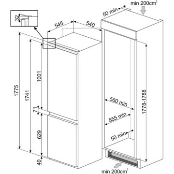 - Dimensions d’encastrement l x h x p : 56 x 178 x 55.5 cm
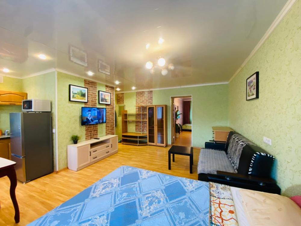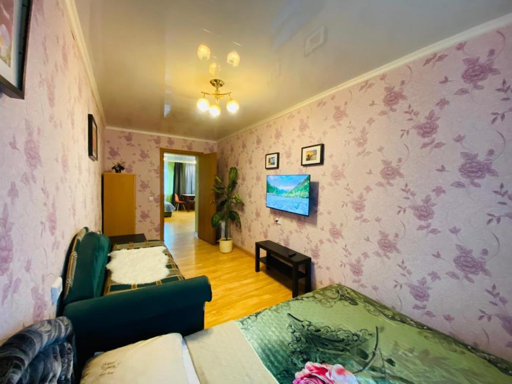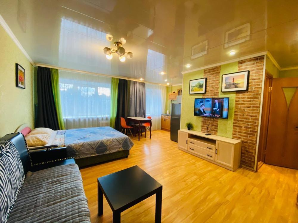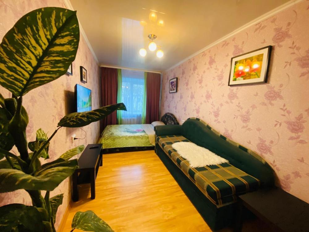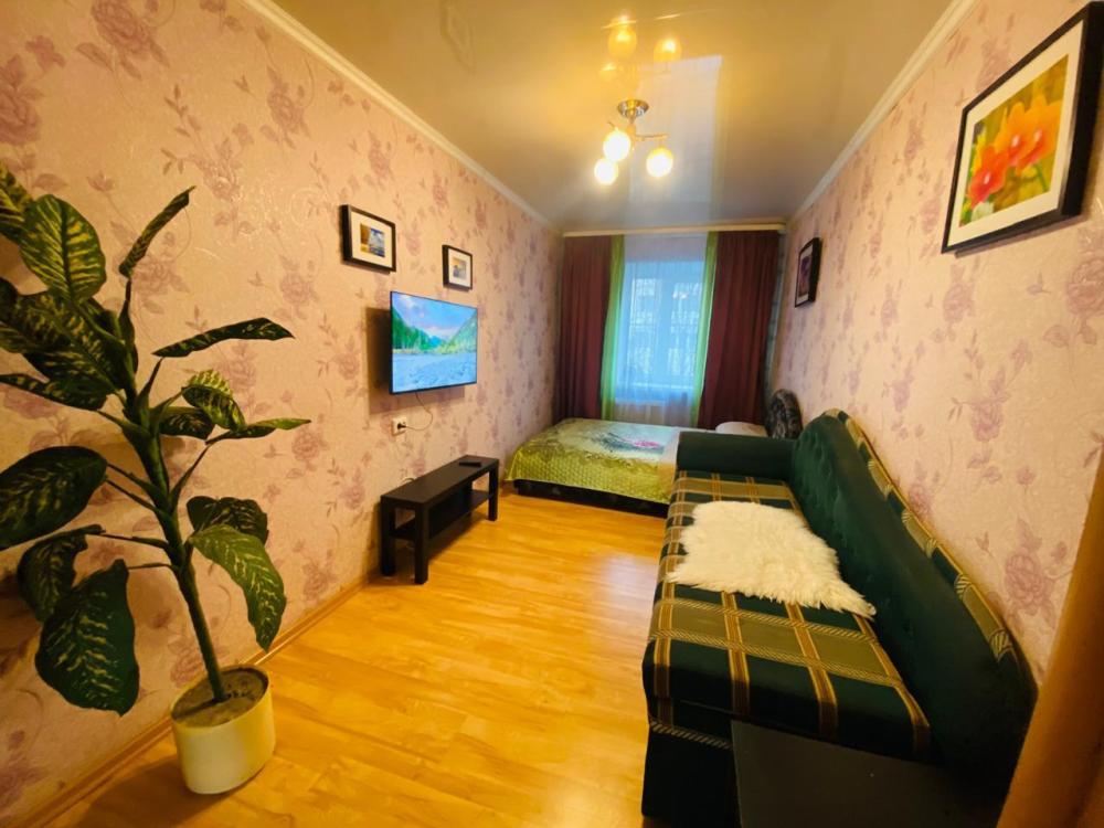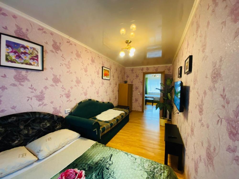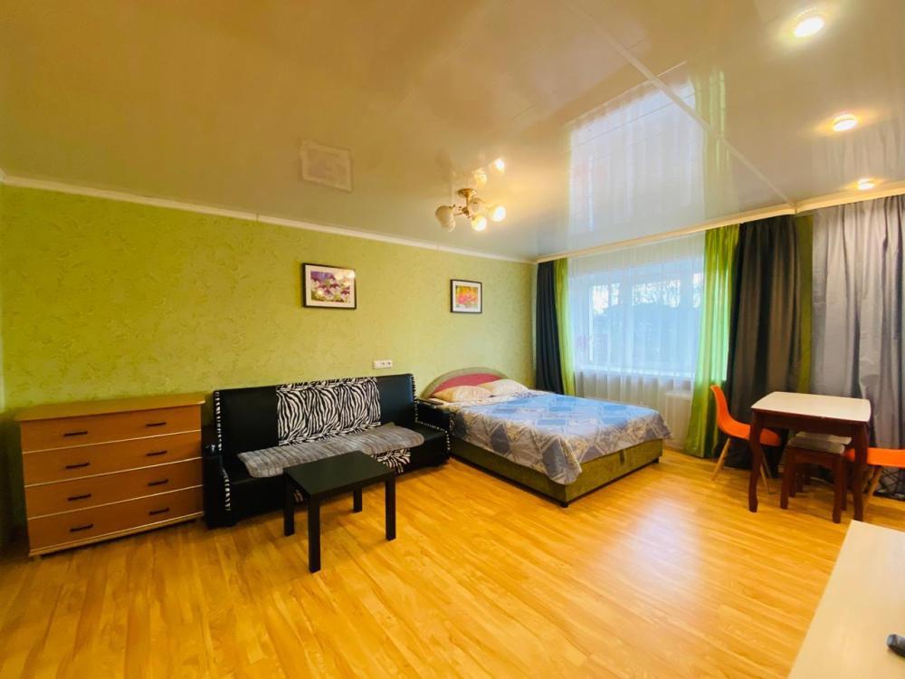 Квартира с одной спальней и кухней-гостиной в центре города. Есть вся необходимая мебель для комфортного проживания: двуспальная кровать, мягкая мебель, бытовая техника, стиральная машина, санузел.
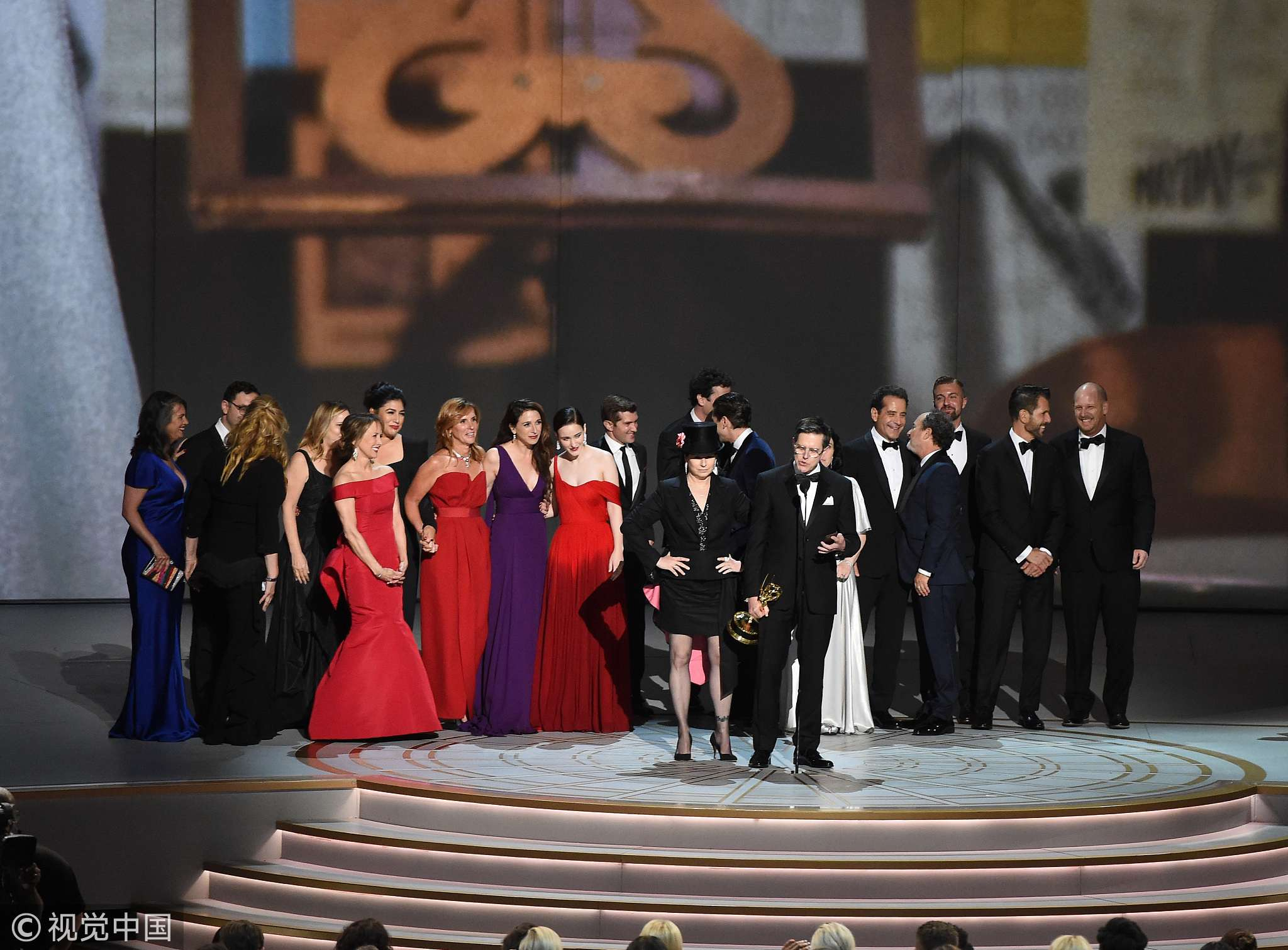 The cast and crew accepting the outstanding comedy series award for "The Marvelous Mrs. Maisel" /VCG Photo

=== REQUIRED WORK ===
Only the lines from the one containing "Квартира с одной" through the final line of the data are to be written out, exactly as they stand and without pictures.

=== SOLVED PROBLEM ===
 Квартира с одной спальней и кухней-гостиной в центре города. Есть вся необходимая мебель для комфортного проживания: двуспальная кровать, мягкая мебель, бытовая техника, стиральная машина, санузел.
 The cast and crew accepting the outstanding comedy series award for "The Marvelous Mrs. Maisel" /VCG Photo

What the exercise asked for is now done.